Attraktiver Markt Australien
Australien besitze eine starke und wachsende Wirtschaft mit einem anhaltenden demografischen Wachstum, teilte SAB Miller nun mit. Außerdem profitiere das Land vom anhaltenden Wirtschaftswachstum in Asien. Foster's sei im profitablen australischen Biermarkt gut positioniert und stelle sieben der zehn führenden Marken. Attraktiv sei ferner das gut ausgebaute Vertriebsnetz und die hohen Produktionszahlen.
Probleme mit der Markenführung
Allerdings hätten die Australier deutliche Probleme im Management ihrer erfolgreichen Marken, die sich teilweise kannibalisierten. Dies sei auch der Grund, warum das Unternehmen in den vergangenen Jahren permanent Marktanteile verloren habe. Hier könne sich SAB Miller mit seiner Kompetenz einbringen.
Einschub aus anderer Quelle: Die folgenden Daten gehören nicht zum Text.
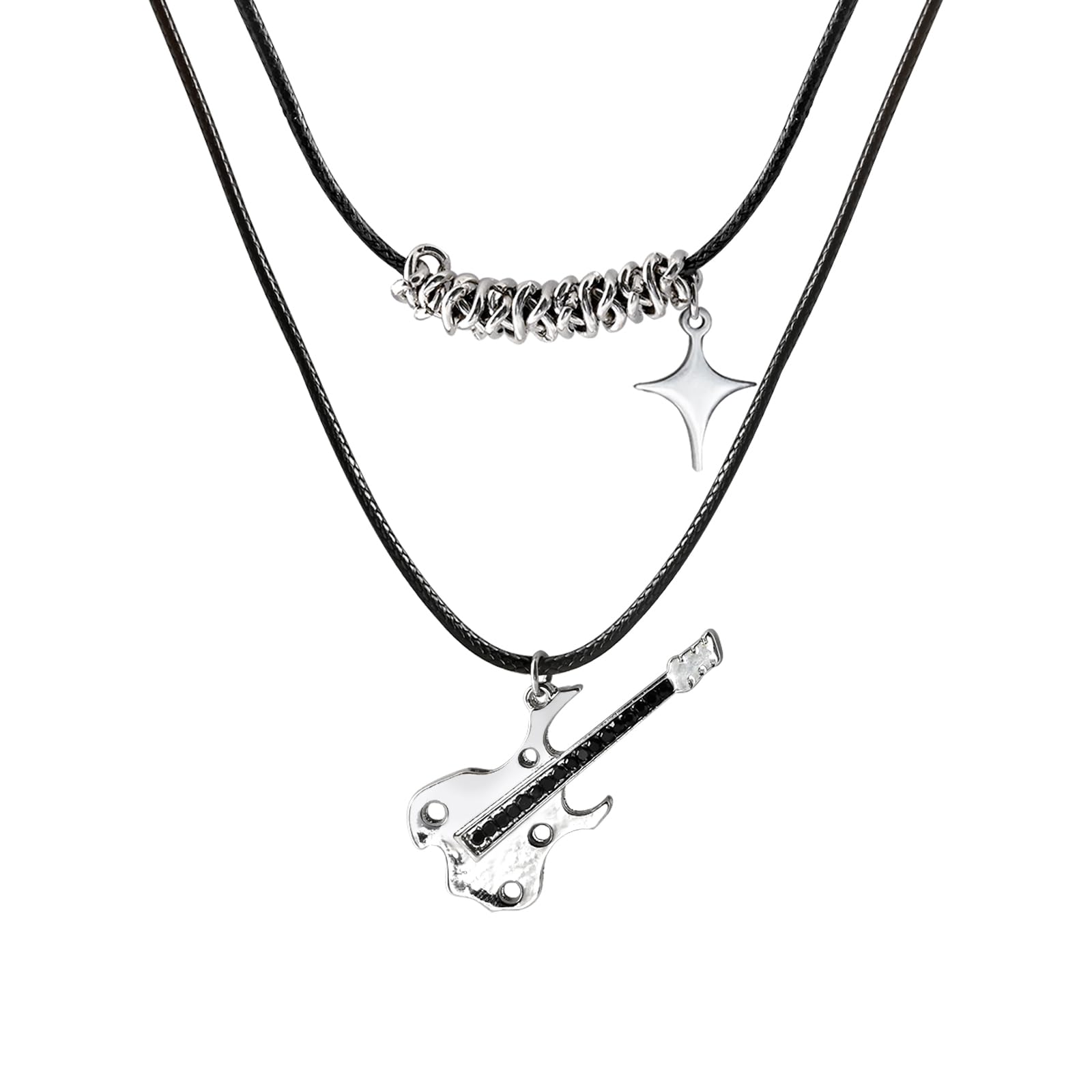 Collares de piel negro en capas para mujer, collar Y2k con guitarra eléctrica y colgante de estrella, accesorios punk para joyería musical, Cuero, Sin piedra preciosa

Das Unternehmen gehört zusammen mit AB Inbev und Heineken zu den drei größten Bierbrauern der Welt. Unter dem Dach des Kaufinteressenten werden Marken wie Grolsch, Pilsner Urquell und Peroni gebraut.
Foster's schon lange ein Übernahmekandidat
Foster’s gilt laut "Handelsblatt" schon seit Jahren als mögliches Übernahmeziel. Nicht zuletzt als Folge einer gescheiterten Expansion ins Weingeschäft hatte der Konzern seit Mitte der 90er-Jahre stetig an Wert verloren. Das Weingeschäft war demnach schließlich im Mai in eine separate Firma eingebracht und unter dem Namen Treasury Wine Estates an der australischen Börse gelistet worden. Und genau diese Aufspaltung machte die Firma letztlich für Aufkäufe interessant.